![Happy Pregnant Woman Images - Free Download on Freepik](https://img.freepik.com/free-photo/portrait-happy-pregnant-woman-touching-her-belly_171337-7024.jpg)
Having a baby is energetically much more expensive than commonly thought, according to new research.
In fact, over the course of a pregnancy, creating and carrying a little one takes 49,753 dietary calories — the equivalent of 199 Snickers candy bars each containing 250 calories, said Dr. Dustin Marshall, a coauthor of the study published May 16 in the journal Science.

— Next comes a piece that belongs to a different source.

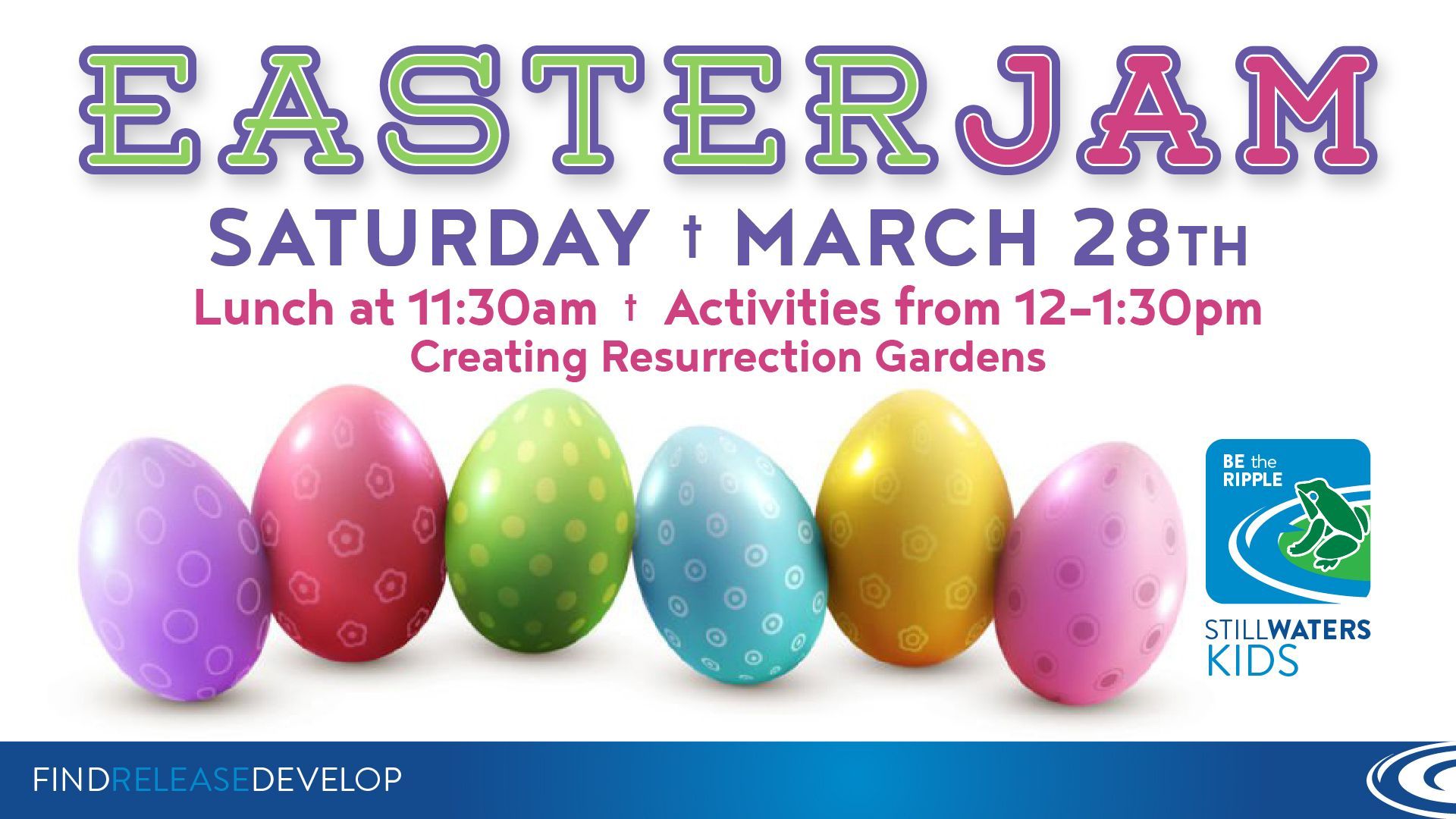 Come join us for our Family Easter celebration called Easter Jam! This year we will be making Resurrection Gardens and enjoy an Easter egg hunt! Easter Jam will be on Saturday, March 28th. Come for a meal at 11:30, activities from noon-1:30. Thanks to our Still Waters Women or helping with the Easter Egg Hunt. This will be a fun and meaningful event!

For the meta-analysis, Marshall, a professor of evolutionary biology at Monash University in Melbourne, Australia, and a team of researchers used data from thousands of existing scientific articles to look at the energy cost of several species.
“We found that the total energy it takes to reproduce is much more substantial than previously considered.”
The bulk of the additional energy a pregnant person needs goes toward developing and carrying the fetus, Ginther added.
“Most of (the) energy that mammals put into reproduction is ‘boiled off’ as metabolic heat, only 10% ends up in the actual baby,” Marshall said in an email. “When both lactation and metabolic loads are accounted for, the baby itself represents less than 1/20th of the total reproductive investment.”
The research could make a big difference in perceptions of pregnancy needs, said Dr. Eve Feinberg, associate professor of obstetrics and gynecology at Northwestern University’s Feinberg School of Medicine in Chicago. She was not involved in the research.
“I think this study is groundbreaking,” she said. “Any working pregnant woman could tell you the sheer level of exhaustion when you are pregnant … and how it consumes your life.”